- The input -
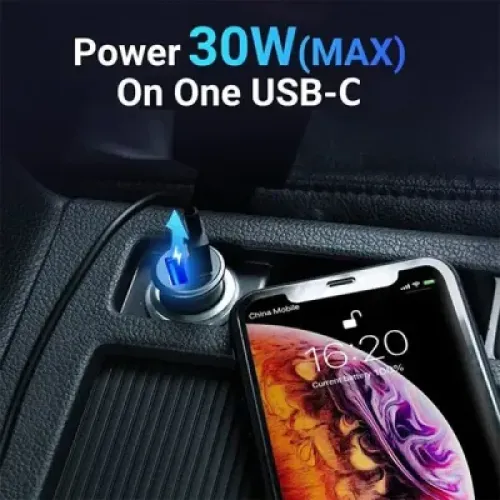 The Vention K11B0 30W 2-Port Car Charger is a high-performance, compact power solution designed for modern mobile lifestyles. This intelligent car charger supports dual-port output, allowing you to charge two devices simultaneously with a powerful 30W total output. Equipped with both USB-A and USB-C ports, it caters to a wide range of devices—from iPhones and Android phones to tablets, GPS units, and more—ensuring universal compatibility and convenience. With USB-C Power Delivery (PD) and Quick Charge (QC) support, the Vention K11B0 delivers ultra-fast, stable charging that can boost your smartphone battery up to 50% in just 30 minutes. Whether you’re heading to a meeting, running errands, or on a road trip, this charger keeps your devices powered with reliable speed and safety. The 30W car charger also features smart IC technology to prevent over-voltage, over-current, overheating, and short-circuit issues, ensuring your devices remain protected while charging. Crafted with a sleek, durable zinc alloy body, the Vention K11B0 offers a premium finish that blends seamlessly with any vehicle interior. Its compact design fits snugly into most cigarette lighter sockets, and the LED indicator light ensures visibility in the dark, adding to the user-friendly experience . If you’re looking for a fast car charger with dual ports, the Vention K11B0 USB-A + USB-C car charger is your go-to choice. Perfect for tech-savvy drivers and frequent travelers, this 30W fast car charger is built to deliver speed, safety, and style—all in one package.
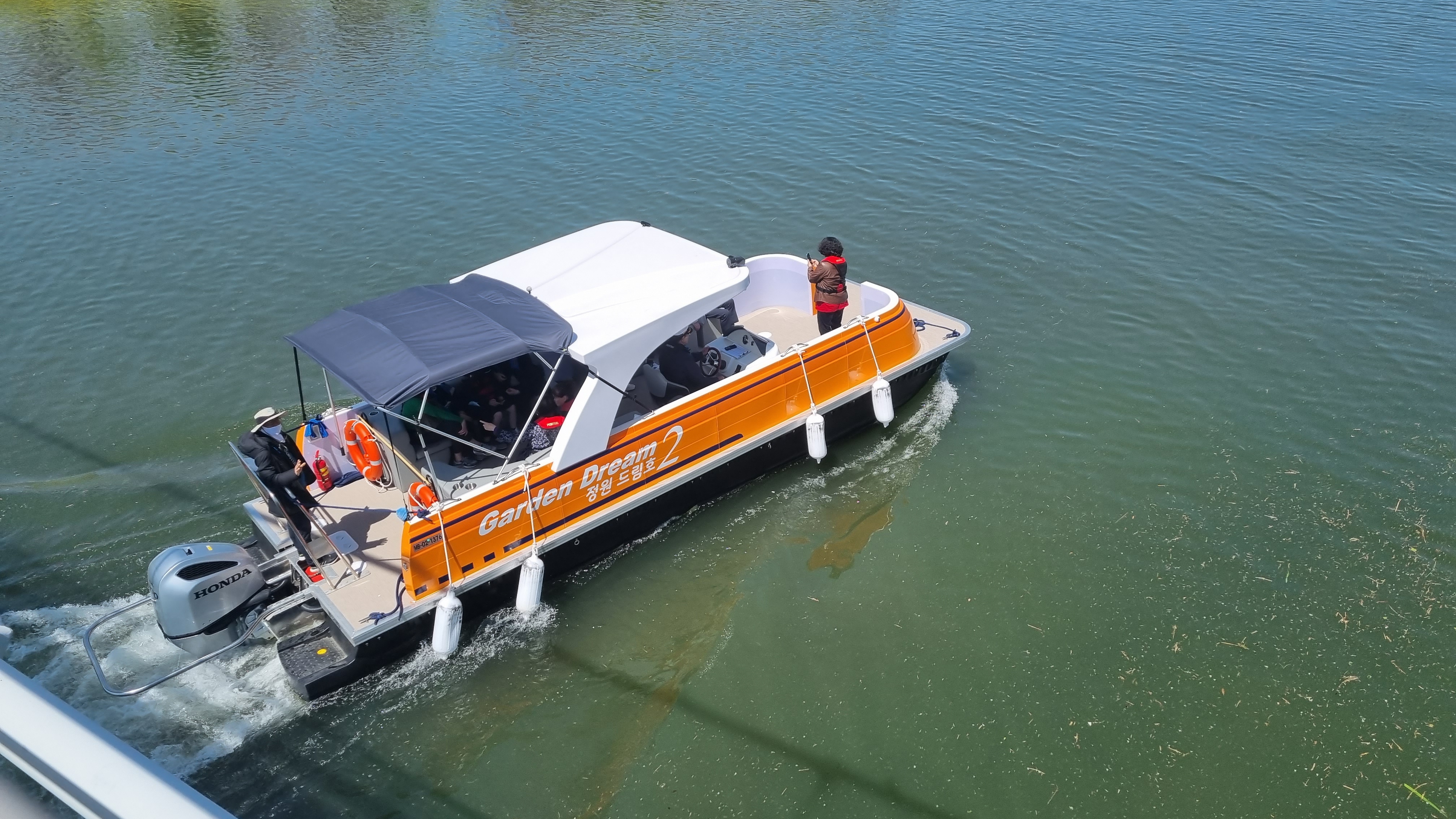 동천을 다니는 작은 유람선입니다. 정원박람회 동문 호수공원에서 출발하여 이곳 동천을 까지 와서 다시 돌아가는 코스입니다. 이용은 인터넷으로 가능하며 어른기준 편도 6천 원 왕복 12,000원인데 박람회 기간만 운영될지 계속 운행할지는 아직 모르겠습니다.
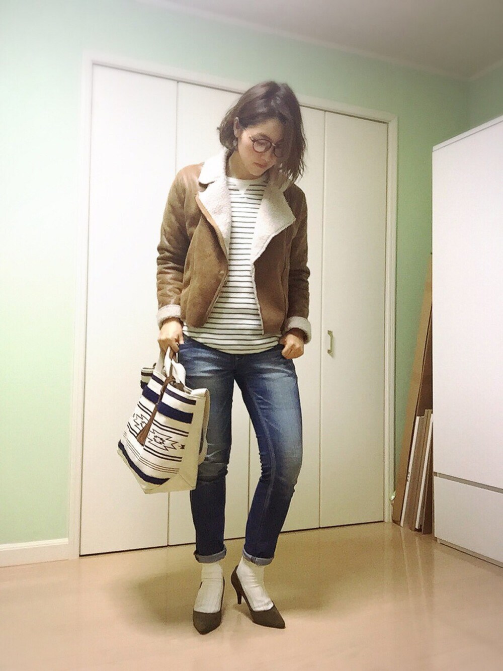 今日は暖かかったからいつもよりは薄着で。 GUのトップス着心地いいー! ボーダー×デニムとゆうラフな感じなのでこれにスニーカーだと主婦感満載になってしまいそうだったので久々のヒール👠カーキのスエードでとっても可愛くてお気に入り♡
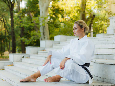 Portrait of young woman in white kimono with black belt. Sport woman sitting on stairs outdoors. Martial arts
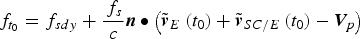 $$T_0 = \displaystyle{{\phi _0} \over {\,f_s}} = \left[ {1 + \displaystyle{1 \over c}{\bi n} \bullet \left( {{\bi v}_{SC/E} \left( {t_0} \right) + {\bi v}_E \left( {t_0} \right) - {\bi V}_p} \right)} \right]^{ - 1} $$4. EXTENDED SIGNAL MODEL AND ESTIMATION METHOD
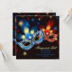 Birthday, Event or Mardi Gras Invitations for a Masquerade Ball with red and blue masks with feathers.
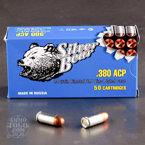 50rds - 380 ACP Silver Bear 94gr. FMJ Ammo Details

- Your goal -
Your copy must hold every record above in its exact wording and must hold no pictures.

- Answer box -
 The Vention K11B0 30W 2-Port Car Charger is a high-performance, compact power solution designed for modern mobile lifestyles. This intelligent car charger supports dual-port output, allowing you to charge two devices simultaneously with a powerful 30W total output. Equipped with both USB-A and USB-C ports, it caters to a wide range of devices—from iPhones and Android phones to tablets, GPS units, and more—ensuring universal compatibility and convenience. With USB-C Power Delivery (PD) and Quick Charge (QC) support, the Vention K11B0 delivers ultra-fast, stable charging that can boost your smartphone battery up to 50% in just 30 minutes. Whether you’re heading to a meeting, running errands, or on a road trip, this charger keeps your devices powered with reliable speed and safety. The 30W car charger also features smart IC technology to prevent over-voltage, over-current, overheating, and short-circuit issues, ensuring your devices remain protected while charging. Crafted with a sleek, durable zinc alloy body, the Vention K11B0 offers a premium finish that blends seamlessly with any vehicle interior. Its compact design fits snugly into most cigarette lighter sockets, and the LED indicator light ensures visibility in the dark, adding to the user-friendly experience . If you’re looking for a fast car charger with dual ports, the Vention K11B0 USB-A + USB-C car charger is your go-to choice. Perfect for tech-savvy drivers and frequent travelers, this 30W fast car charger is built to deliver speed, safety, and style—all in one package.
 동천을 다니는 작은 유람선입니다. 정원박람회 동문 호수공원에서 출발하여 이곳 동천을 까지 와서 다시 돌아가는 코스입니다. 이용은 인터넷으로 가능하며 어른기준 편도 6천 원 왕복 12,000원인데 박람회 기간만 운영될지 계속 운행할지는 아직 모르겠습니다.
 今日は暖かかったからいつもよりは薄着で。 GUのトップス着心地いいー! ボーダー×デニムとゆうラフな感じなのでこれにスニーカーだと主婦感満載になってしまいそうだったので久々のヒール👠カーキのスエードでとっても可愛くてお気に入り♡
 Portrait of young woman in white kimono with black belt. Sport woman sitting on stairs outdoors. Martial arts
 $$T_0 = \displaystyle{{\phi _0} \over {\,f_s}} = \left[ {1 + \displaystyle{1 \over c}{\bi n} \bullet \left( {{\bi v}_{SC/E} \left( {t_0} \right) + {\bi v}_E \left( {t_0} \right) - {\bi V}_p} \right)} \right]^{ - 1} $$4. EXTENDED SIGNAL MODEL AND ESTIMATION METHOD
 Birthday, Event or Mardi Gras Invitations for a Masquerade Ball with red and blue masks with feathers.
 50rds - 380 ACP Silver Bear 94gr. FMJ Ammo Details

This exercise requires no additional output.